A notre époque où on traite de plus en plus des personnes saines et ne se plaignant de rien, où on fait croire au public que même un bien-portant a besoin de soins et où la médecine fait la collusion entre diagnostic et maladie, L'auteur propose 4 situations bien distinctes de rencontres patient-médecin, qu'il détaille dans l'ouvrage.

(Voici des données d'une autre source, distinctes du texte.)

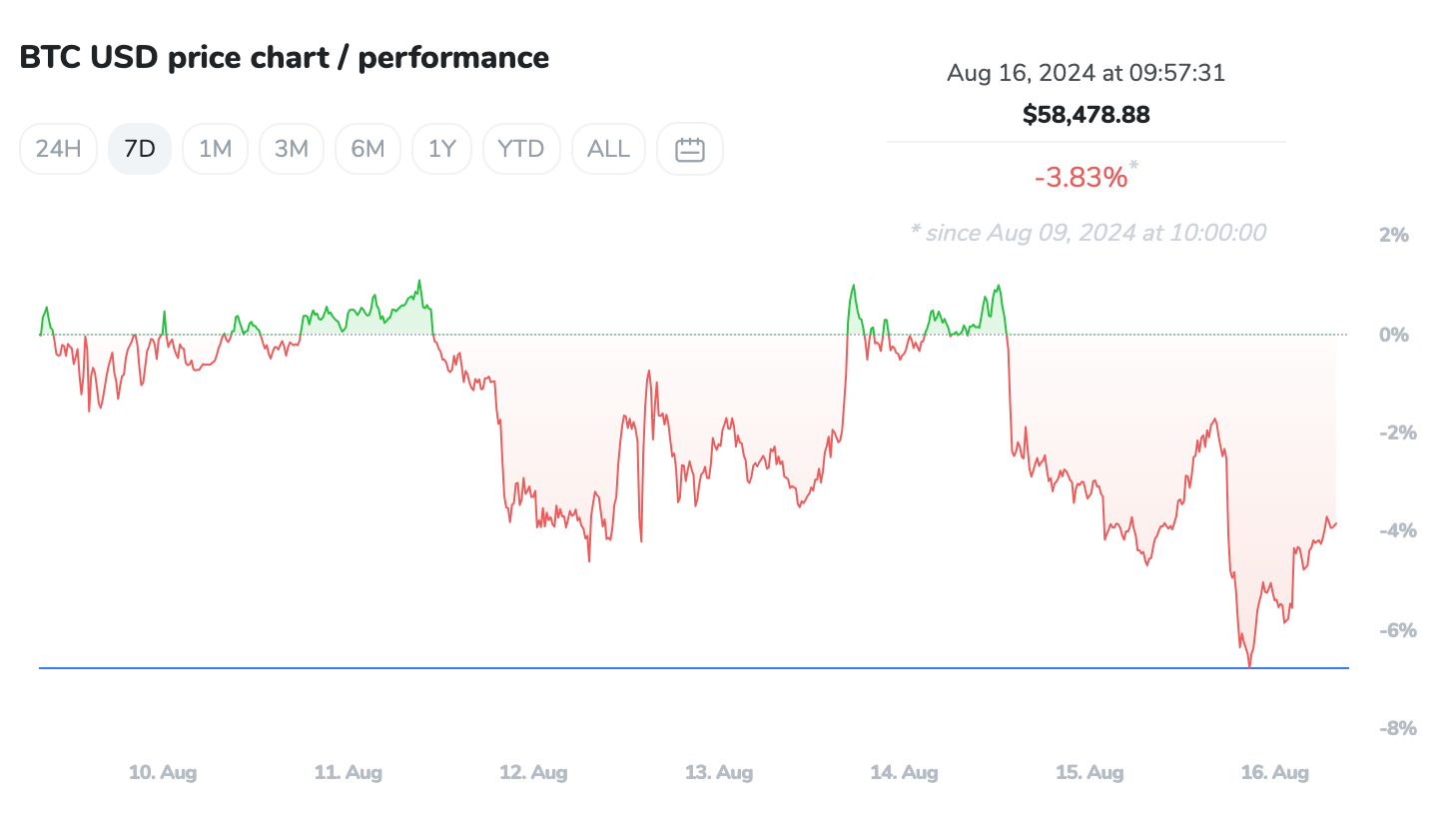 Bitcoin has had a turbulent week, marked by fluctuations that saw its price drop from nearly $63,000 to $57,000. The weekend was particularly sluggish for BTC, as it oscillated between $60,000 and $61,000. Monday brought another dip, though less severe, with Bitcoin falling just below $58,000. Despite briefly rebounding to nearly $62,000 after the U.S. released its Consumer Price Index (CPI) data for July, Bitcoin couldn't maintain its gains. Reports of the U.S. government sending $600 million to Coinbase Prime added to the downward pressure, pushing BTC to its local low of just under $58,000.
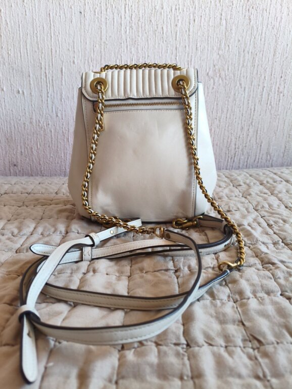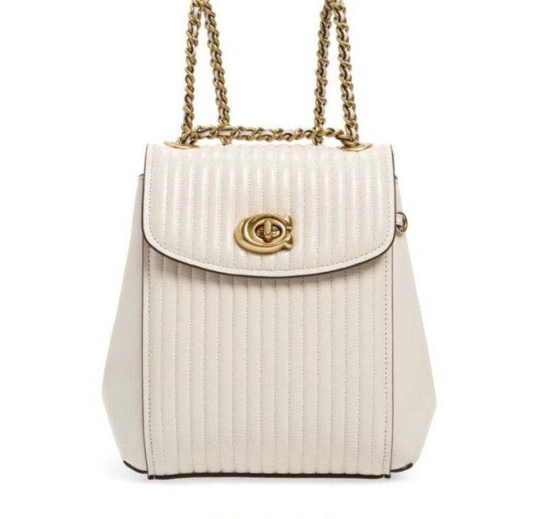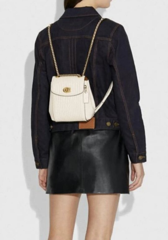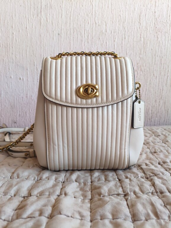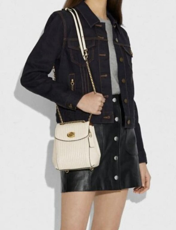 Coach Parker Convertible Backpack, Mini mochila/bolso coach de piel, color hueso, con acolchado al centro
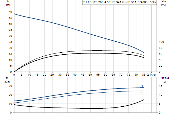 Насос предназначен для периодической и непрерывной эксплуатации в погруженном положении. Одноканальное рабочее колесо пропускает твердые частицы размером до 80 мм .

  • La première catégorie de rencontre est la situation parfaite, où il y a adéquation entre les plaintes du malade et la labellisation médicale. Les symptômes vont bien correspondre à une maladie étiquetée et déboucher sur un traitement.
  • La deuxième catégorie, les MNO ou maladies non objectivables, est un trouble vécu par le malade mais pour lequel la médecine ne parvient pas à élaborer de diagnostic. La médecine tente néanmoins de regrouper ces symptômes et de labelliser certains syndromes, comme la fibromyalgie, le trouble du déficit de l'attention, phobie sociale, syndrome de l'intestin irritable, syndrome prémenstruel, troubles musculo-squelettiques etc....
    Selon l'auteur : "Lorsque les symptômes sont assez prévalents dans la population et similaires d'un patient à l'autre, le commerce médical créé un nouvel objet-maladie en rupture totale avec le précepte anatomo-clinique."
    "D'autres maladies non objectivables ont été secondairement acceptées par la médecine académique et intégrées dans les classifications officielles des objets-maladie sous la seule pression du marché, après la découverte d'un médicament. Le cas emblématique est celui de la DMLA (dégénérescence maculaire liée à l'âge)."
  • Les objets non-maladie, composant la troisième ligne, sont définis par l'auteur dans un interview accordé à La Nutrition :
    "C’est le cas, par exemple, où vous allez très bien. Vous n’avez ni plainte, ni souffrance, mais un beau matin, vous recevez une invitation pour un dépistage pour tel ou tel cancer. Vous n’y pensiez pas avant. Vous allez donc vous soumettre au dépistage, pensant qu’il est bon pour vous. Peut-être qu’on va vous trouver quelque chose, comme une minuscule image suspecte dans le sein. Cette maladie qui vous est « proposée » par la médecine elle-même, voilà ce que j’appelle les « non-maladies ». Cet objet ne vous concerne pas, mais la médecine vous propose un diagnostic. Cette intrusion peut être considérée comme abusive, et elle l’est assez souvent."
    Car ces objets non-maladie, comme l'hypercholestérolémie, le syndrome métabolique, et les surdiagnostics des dépistages systématiques ont un réel impact dans la vie d'une personne.
  • Enfin, dans la quatrième catégorie se trouvent les 'hors-sujets sanitaires'. Il s'agit par exemple du vieillissement, la calvitie, la demande de beauté, enfin ces rencontres patient-médecin qui ne relèvent pas du registre de la santé à proprement parler, qui ne sont, selon l'auteur, " des extensions de la pratique médicale, consistant non plus à réparer le corps mais à tenter de l'améliorer".
    "L'exigence démesurée des consommateurs, les contraintes juridiques et administratives, le niveau de compétition, la tyrannie du paraître et tant d'autres facteurs sociétaux conduisent les citoyens dans les cabinets médicaux."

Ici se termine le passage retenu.